To identify and characterize the transcriptome of M. falcata roots under low-temperature stress, we measured the roots under room temperature (CK), 4 °C, 0 °C, − 5 °C, − 10 °C and − 15 °C for 2 h by combining the PacBio SMRT and NGS technologies for whole-transcriptome profiling. In total, 125.48 Gb of clean data were obtained by RNA-seq, yielding 418,495,643 reads (with a GC content of 42.61% and a QC 30 of 87.55%) (Additional file 1: Table S1). A total of eight SMRT cells were used for the three libraries at three size ranges, 1–2 kb, 2–3 kb, and 3–6 kb, yielding 19.27 Gb of clean data. A total of 1,202,336 polymerase reads were obtained, and the polymerase reads containing fragments that were less than 50 bp in length and with a sequence accuracy lower than 0.75 were subsequently filtered and removed. A total of 8,428,385 subreads were then obtained by filtering the remaining sequences from the linkers, the linker sequences and the subreads with fragments less than 50 bp in length (Table 1). A total of 552,818 reads of inserts (ROIs, of which 270,750 were full-length nonchimeric reads (FLNCs), and 223,319 were non-full-length reads, were extracted from the original sequence (Table 1). The full-length sequences were clustered via the RS_IsoSeq module of SMRT Analysis software. A total of 131,118 consensus isoforms were obtained; 99,490 high-quality isoforms were obtained via non-full-length sequence alignment, and 31,628 low-quality isoforms were obtained and corrected via RNA-seq data. Any redundancy within the high-quality and corrected low-quality transcript sequences of each sample was eliminated by CD-HIT software, and 115,153 nonredundant sequences were obtained. On the basis of the nonredundant sequences of each sample, we predicted a total of 8849 alternative splicing (AS) events via the IsoSeq_AS_de_novo script (Additional file 2: Table S2); 73,149 simple sequence repeats (SSRs) via the MIcroSAtellite identification tool (Additional file 3: Table S3); and 4189 long noncoding RNAs (lncRNAs) with the coding potential calculator (CPC), coding–non-coding index (CNCI), coding potential assessment tool (CPAT), and Protein family (Pfam) database information (Additional file 4: Figure S1).
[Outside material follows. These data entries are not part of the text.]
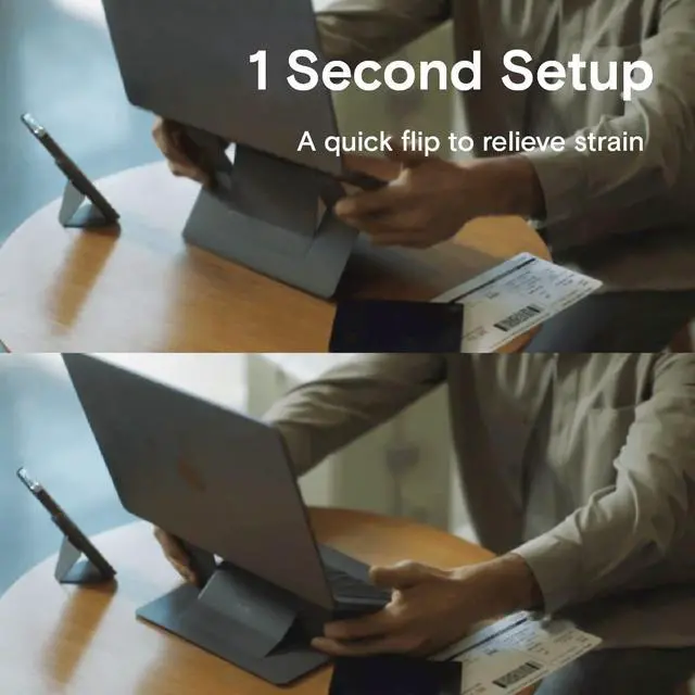 [Dual-angle adjustment] With a classic origami-inspired structure, it props up your laptop in a flash. The 25° highly-lifting mode raises your screen, relieving neck pain, while the 15° low-lifting mode makes typing much easier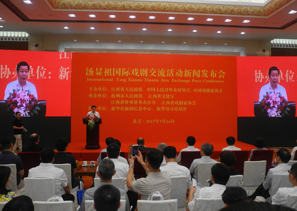 【香港商报网讯】记者张宇报道:14日上午,江西省人民政府、中国人民对外友好协会、中国戏剧家协会联合在北京人民大会堂召开新闻发布会,宣布将在江西省抚州市举办汤显祖国际戏剧交流活动。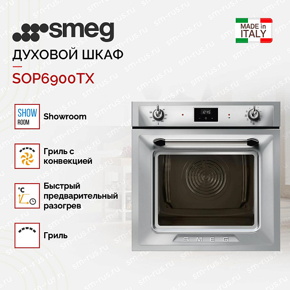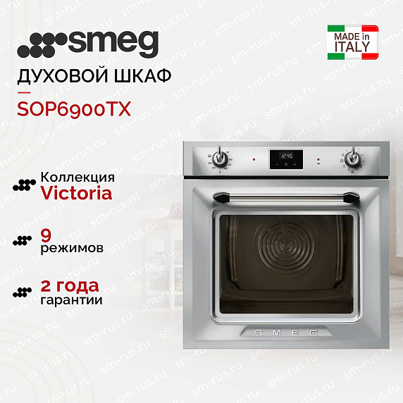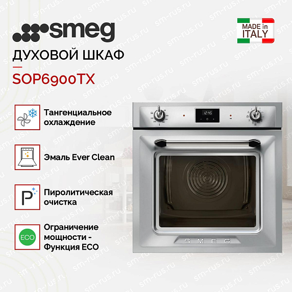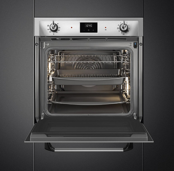 Духовой шкаф Smeg SOP6900TX выполнен в цвете нержавеющей стали с поворотными переключателями. Прибор сочетает в себе изысканность классического стиля и функциональность современных технологий. 9 режимов нагрева позволят подобрать наиболее подходящий для всех типов готовки. Устройство оснащено пиролитической очисткой, которая эффективно удаляет любые загрязнения: под воздействием высоких температур даже самые стойкие остатки пищи на стенках камеры превратятся в пепел.

Table 1 Statistical results of the SMRT sequencing data

Annotation and expression of transcripts under low-temperature stress

To acquire the most comprehensive annotation information, all full-length transcripts from SMRT were aligned with NCBI nonredundant protein (Nr), SwissProt, Gene Ontology (GO), Clusters of Orthologous Groups (COG), Eukaryotic Ortholog Groups (KOG), Pfam, and Kyoto Encyclopedia of Genes and Genomes (KEGG) database information via BLAST software (version 2.2.26), and a total of 111,587 genes from SMRT were annotated, of which the length of 7155 genes was > = 300 bp and < 1000 bp and of which the length of 104,432 genes was > = 1000 bp (Additional file 5: Table S4). Among these annotated sequences, 111,384 sequences had significant matches in the Nr database, 89,117 sequences had significant matches in the Pfam database, 82,433 sequences had matches in the SwissProt database, and 3385 had effective matches in the GO database. On the basis of the homology among sequences of different species, 97,831 (87.87%) sequences were found against M. truncatula, and 3463 (3.11%) sequences had clandestine hits with Cicer arietinum, followed by M. sativa (1662, 1.49%), Glycine max (1011, 0.91%), Rhizoctonia solani (528, 0.47%), Fusarium oxysporum (388, 0.35%), Glycine soja (369, 0.33%), Phaseolus vulgaris (349, 0.31%), Vitis vinifera (266,0.24%), and M. falcata (181, 0.16%). Only 5283 (4.75%) annotated sequences were similar to those of other plant species (Additional file 6: Figure S2).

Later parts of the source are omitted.